La tension ne retombe pas complètement. Ce dimanche 29 mars, les forces de l’ordre restent fortement mobilisées dans l’agglomération lyonnaise, après une semaine marquée par des violences urbaines à répétition.
Selon la préfecture du Rhône, plus de 40 personnes ont été interpellées depuis le début des incidents. Sur le terrain, le dispositif reste dense : des unités de Compagnies républicaines de sécurité seront de nouveau déployées en soirée dans les secteurs jugés sensibles. Les consignes sont claires : fermeté et réactivité.
Les chiffres témoignent de l’intensité des affrontements. D’après nos informations, plus de 350 moyens lacrymogènes ont été utilisés en une semaine, signe d’une situation encore instable malgré des variations d’intensité.
Samedi soir, des incidents ont ainsi été signalés à Villeurbanne, notamment autour du collège Jean Jaurès et de la rue Arago, avec des tirs de mortiers d’artifice. Mais, selon une source sécuritaire, ces faits restent "d’une intensité bien moindre" que les jours précédents.
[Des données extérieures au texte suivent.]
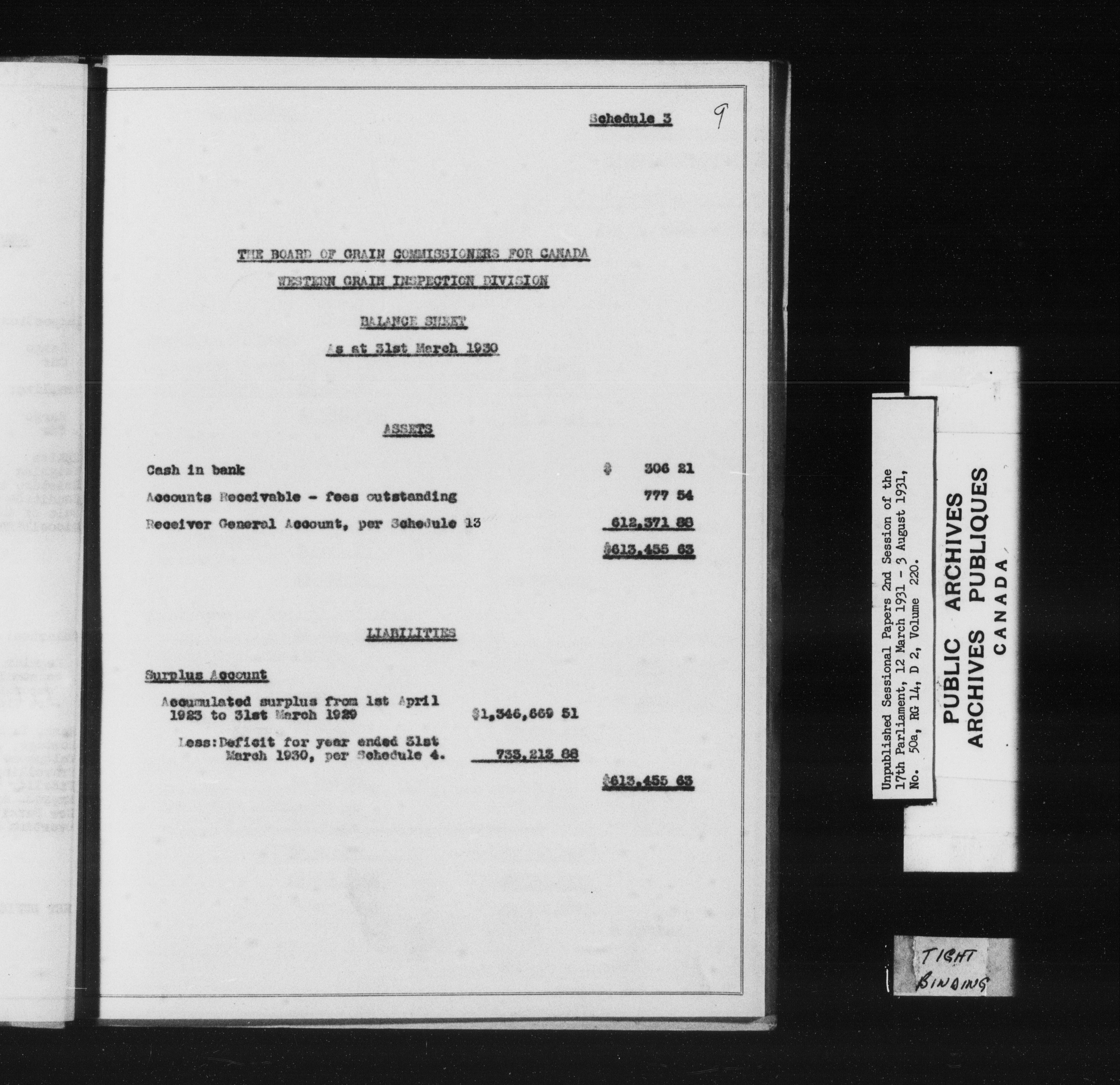 Unpublished sessional papers, 2nd session of the 17th Parliament, 12 March-3 August 1931 - 7575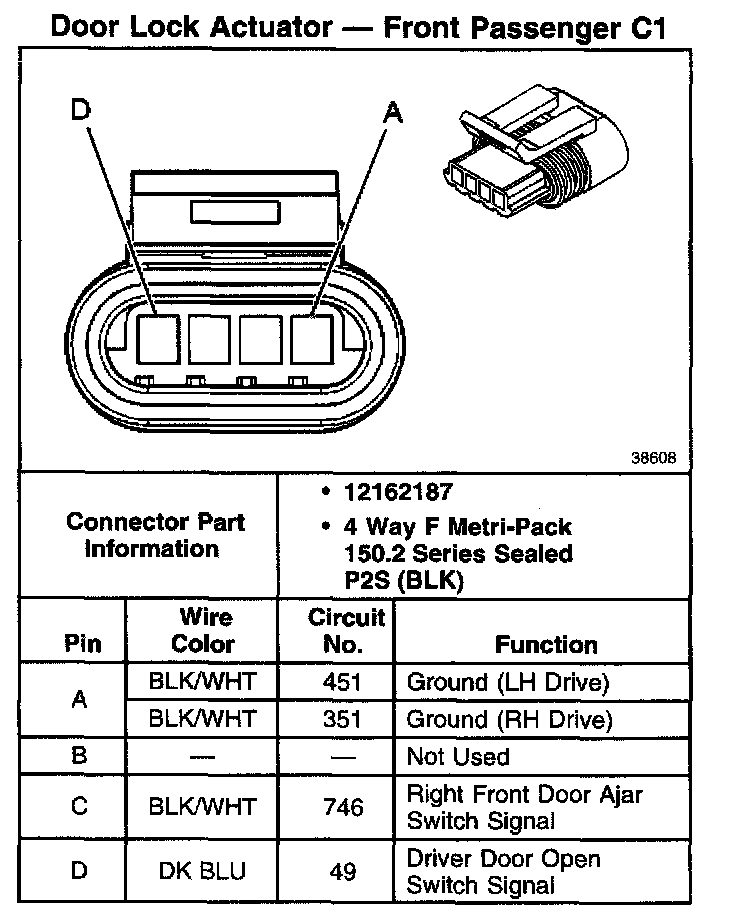 Door Lock Actuator - Front Passenger C2:
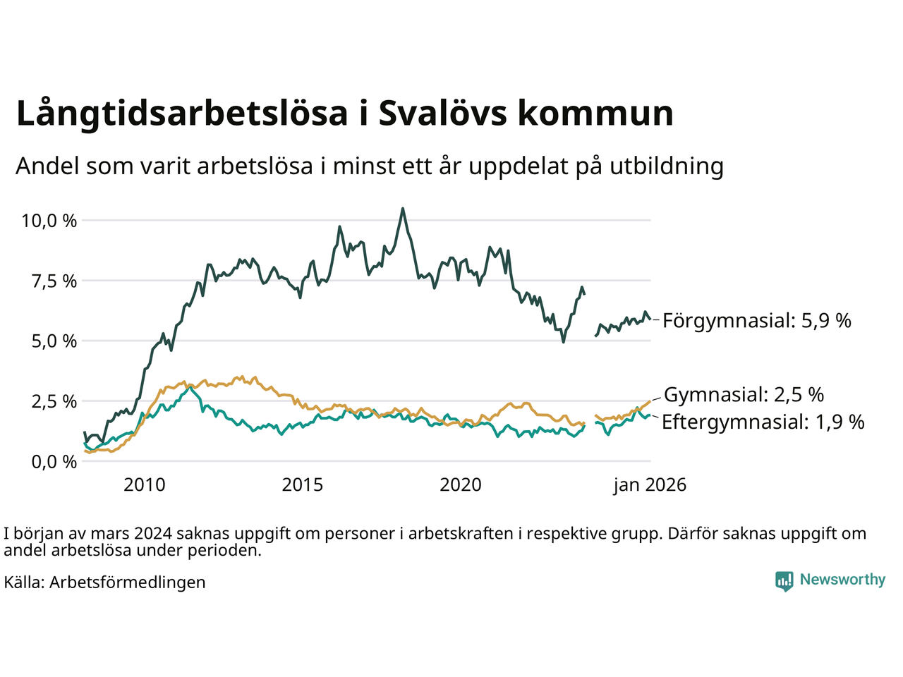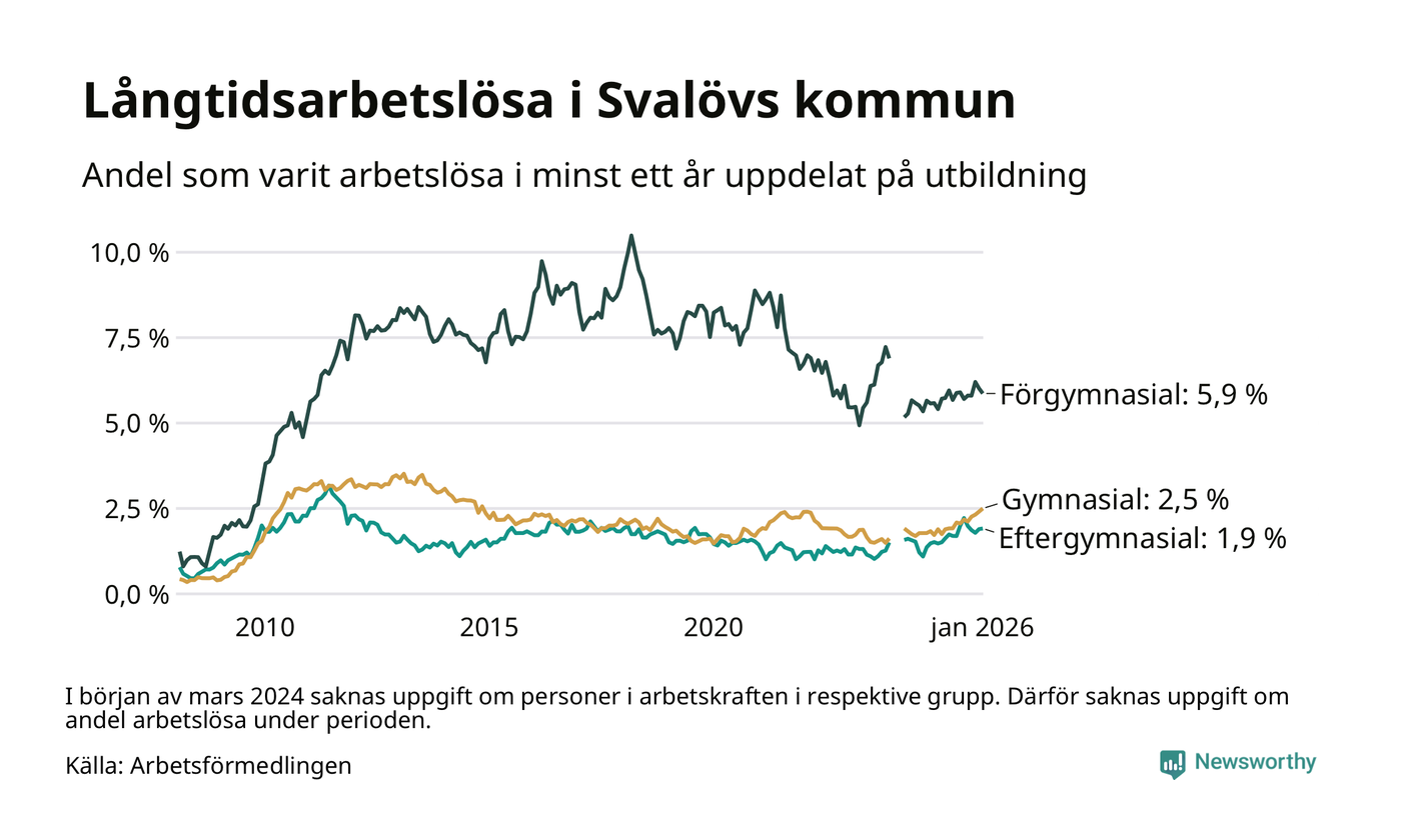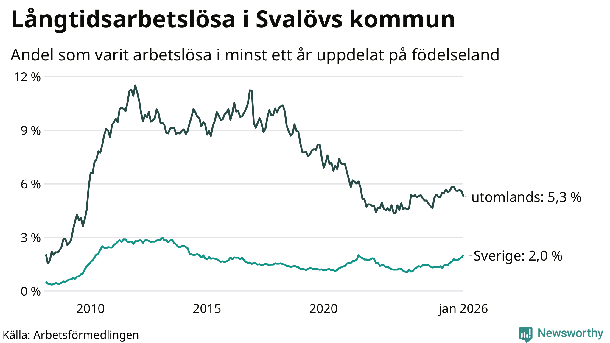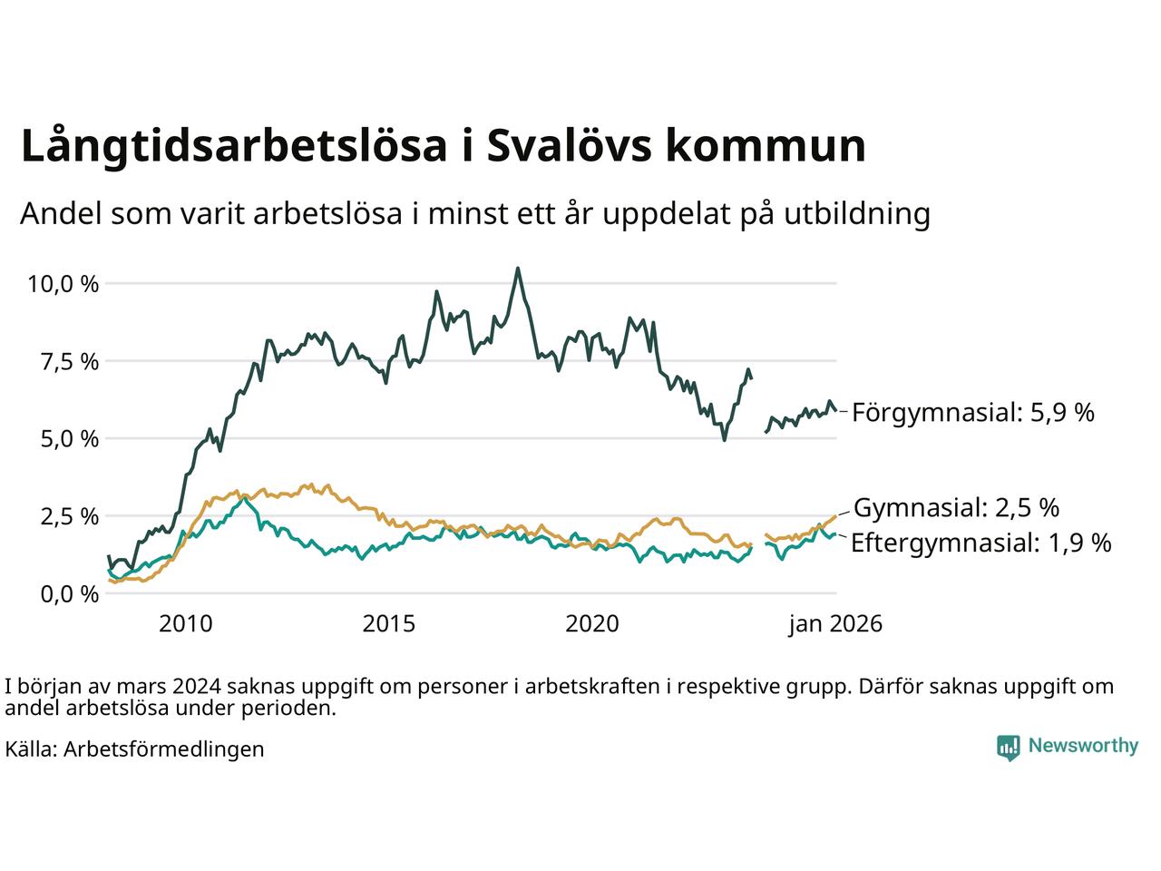 I januari hade 200 Svalövsbor varit arbetslösa i minst ett år, vilket är fyra fler än månaden innan. Det är den fjärde månaden i rad med ökande antal långtidsarbetslösa. 200 personer motsvarar 2,8 procent av arbetskraften i kommunen – andelen långtidsarbetslösa är 0,5 procentenheter högre än samma månad för ett år sedan.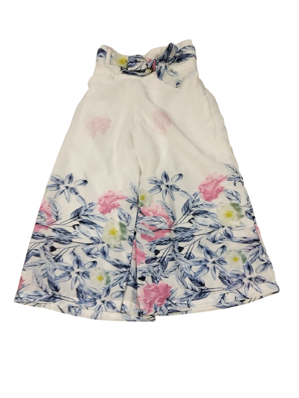 Color: White base with matching floral print concentrated around the lower part of the pants.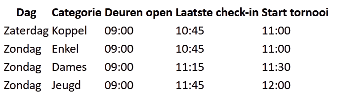 - Indien minderjarig, toelating van volwassen (zie algemene voorwaarden)
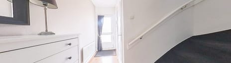 Via de entree op de eerste verdieping kom je in een centrale hal met garderobehoek, trapopgang, meterkast, handige bergkast en een toilet. Vervolgens betreed je de ruime woonkamer van bijna 6 meter breed en meer dan 5,5 meter diep – een heerlijke leefruimte die door de raampartijen aan de voorzijde baadt in het daglicht. De afwerking is verzorgd en neutraal, met een fraaie laminaatvloer en strakke wanden.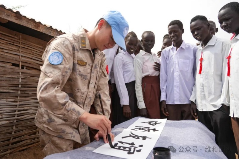 谷雨时节,翰墨飘香。连日来,中国第十二批赴南苏丹(朱巴)维和步兵营结合常态化开展人道主义援助工作,以第17个联合国中文日为契机,分批次走进流民所希望小学、纳卡屯小学等多所当地学校,组织多场“翰墨传情・共话和平”主题文化活动。通过教写汉字、教唱歌曲、创意绘画、学说中文等趣味形式,为当地孩子们带来一堂堂别开生面的中华文化体验课,在孩子们心中播撒下友谊与和平的种子。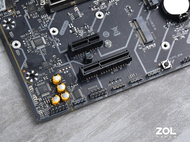 顶部SRAM提供更多一个COM口,用作串行老式和工控设备。此外还有一个12v RGB接针和三个5v ARGB接针,和一个CMOS清除按键,用作迅速抹除BIOS。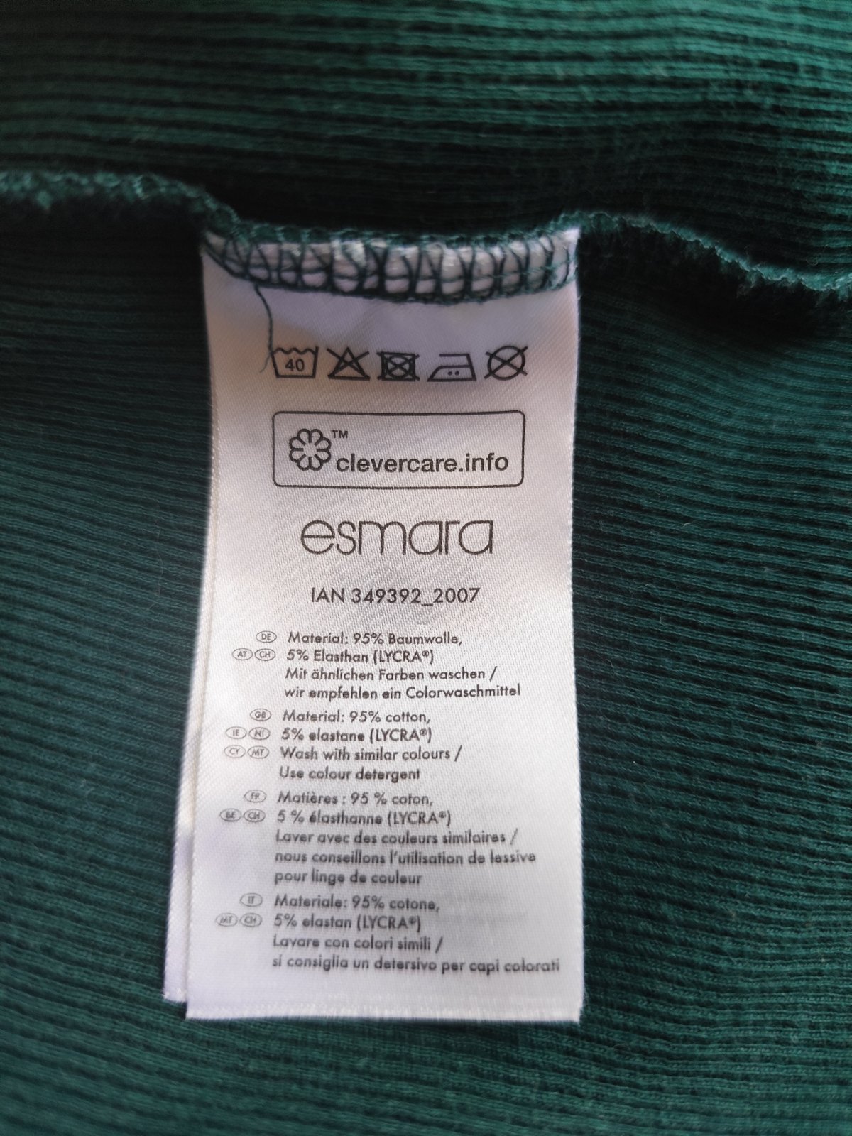 Veľmi elastické, cez prsia v kľude 2 x 37 cm (povolí o 2 x 15 cm). Dĺžka 64 cm. Zloženie 95% bavlna + 5% elastan. Veľmi dobrý stav

Surtout, aucun débordement n’a été relevé dans des communes particulièrement exposées ces derniers jours, comme Rillieux-la-Pape ou Vaulx-en-Velin.
Pour rappel, les tensions ont débuté après un incident à Rillieux-la-Pape, où un jeune homme avait été mordu par un chien de la police municipale, déclenchant une vague de violences dans plusieurs quartiers.
Après une brève accalmie, les troubles avaient repris vendredi soir de manière coordonnée, mettant fin à un calme jugé fragile. Une fragilité toujours d’actualité : les forces de sécurité resteront déployées dans la nuit de dimanche à lundi pour prévenir toute nouvelle flambée.